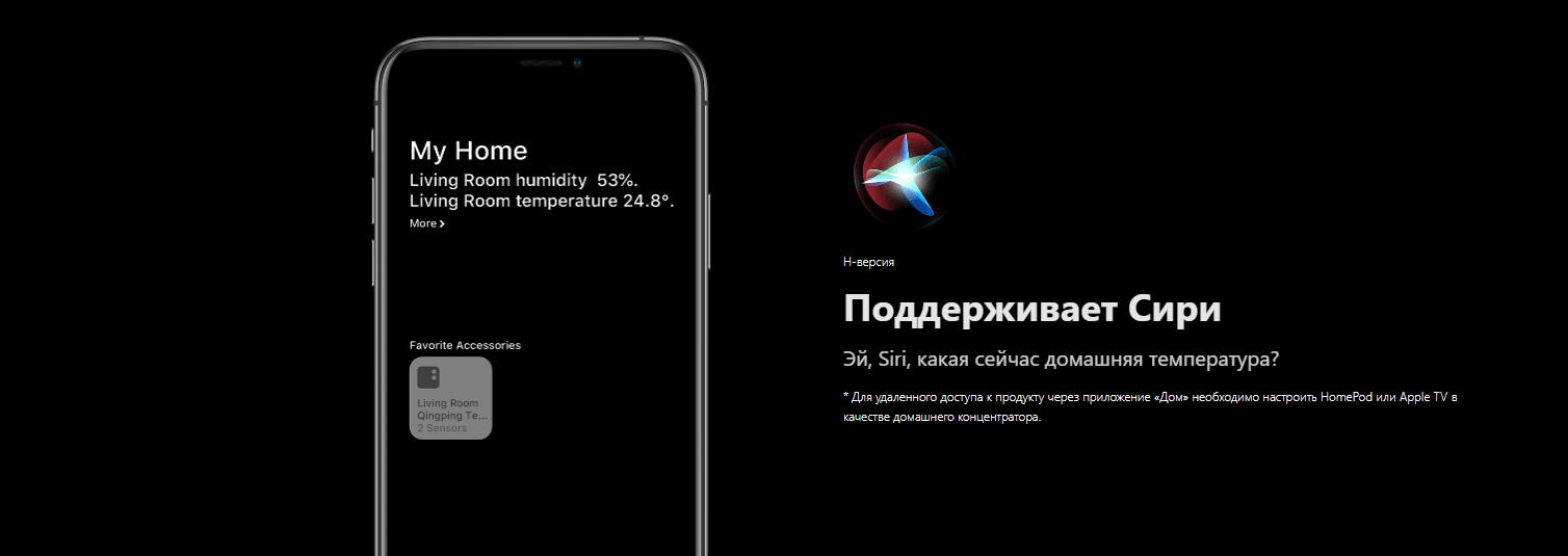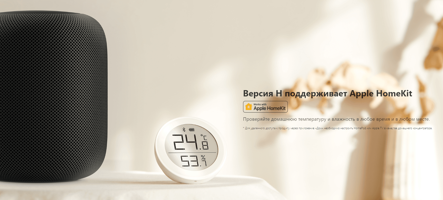 Параметры воздуха легко отслеживать в приложении Apple Home на смартфоне или планшете. Обмен данными происходит через Bluetooth. Устройство можно использовать как элемент «Умного дома», создавая сценарии, при которых автоматически включается отопление или охлаждение комнаты.
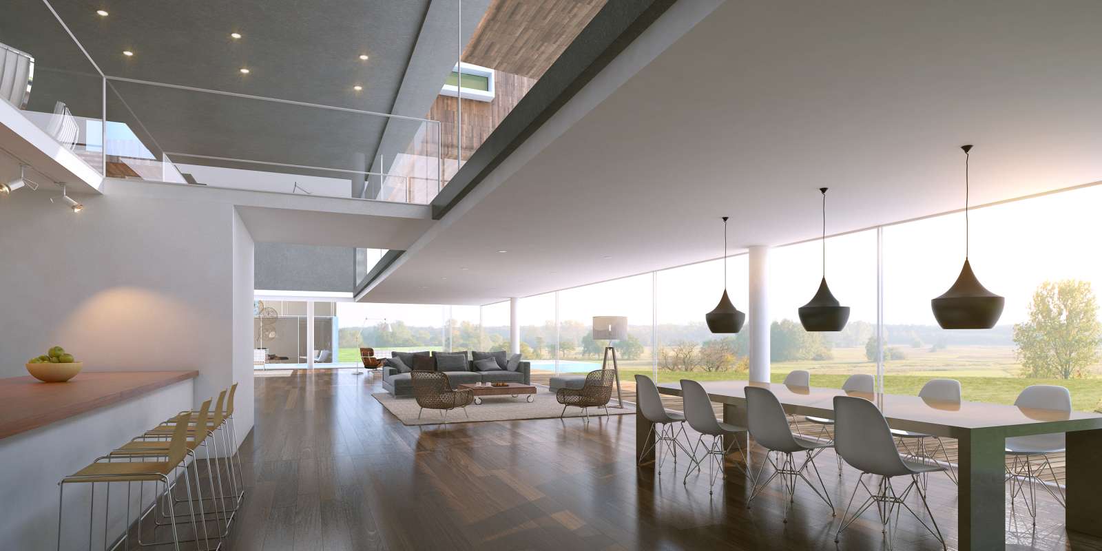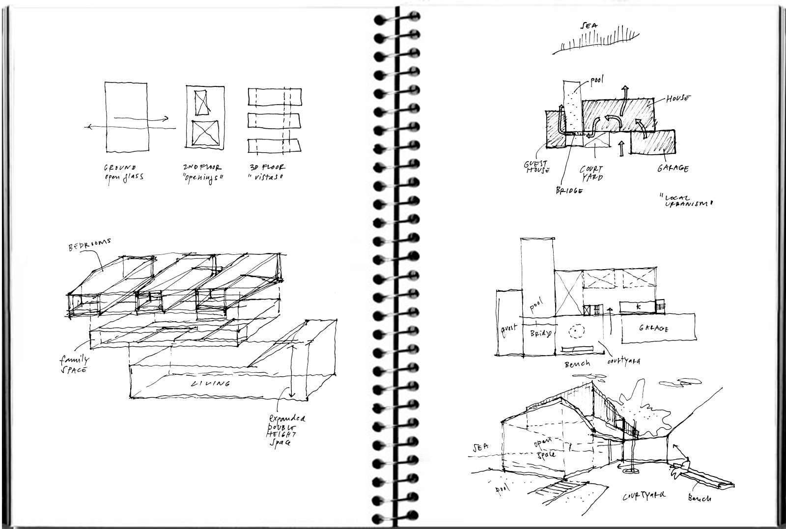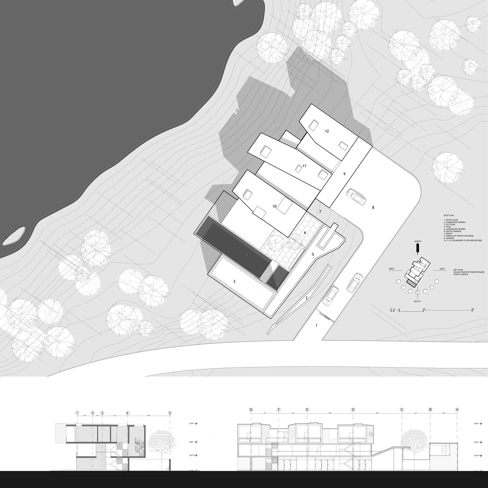 Tri vrstvy sú organizované taktiež z funkčného hľadiska, aby posilnili charakteristiku miesta a maximalizovali udržateľné aspekty projektu týkajúce sa ekológie. Prízemie je dokonale prezentované ako priehľadný sklenený box. Nachádzajú sa tu všetky verejné priestory (obývacia miestnosť, kuchyňa, bazén, záhrada, atď.). Prízemie prostredníctvom otváravej presklenej steny výrazne využíva prirodzené priečne prevetrávanie ako hlavný ekologický prvok.
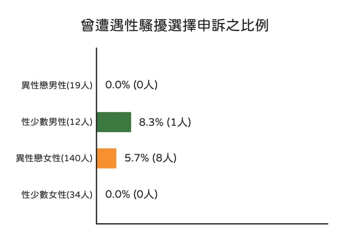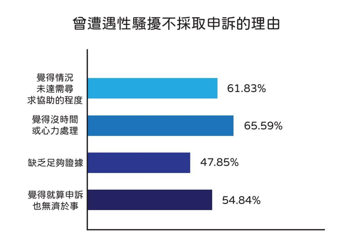 工會的研究發現,異性戀男性無人選擇申訴(0.0%),而位處性騷熱區的異性戀女性的申訴比例僅為可憐的5.7%。最常見不採取申訴的理由包括:「覺得情況未達需尋求協助的程度」(61.83%)與「覺得沒時間或心力處理」(65.59%)。此外,「缺乏足夠證據」(47.85%)和「覺得就算申訴也無濟於事」(54.84%)也是重要因素。
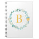 Carnet Aqua et Yellow Monogramme Floral Wreath
----
**Aim of the task**
Please reproduce the lines exactly from the one containing "工會的研究發現,異性戀男性無" through the last line of the data above, and keep the pictures out.

**Answer for the task**
 工會的研究發現,異性戀男性無人選擇申訴(0.0%),而位處性騷熱區的異性戀女性的申訴比例僅為可憐的5.7%。最常見不採取申訴的理由包括:「覺得情況未達需尋求協助的程度」(61.83%)與「覺得沒時間或心力處理」(65.59%)。此外,「缺乏足夠證據」(47.85%)和「覺得就算申訴也無濟於事」(54.84%)也是重要因素。
 Carnet Aqua et Yellow Monogramme Floral Wreath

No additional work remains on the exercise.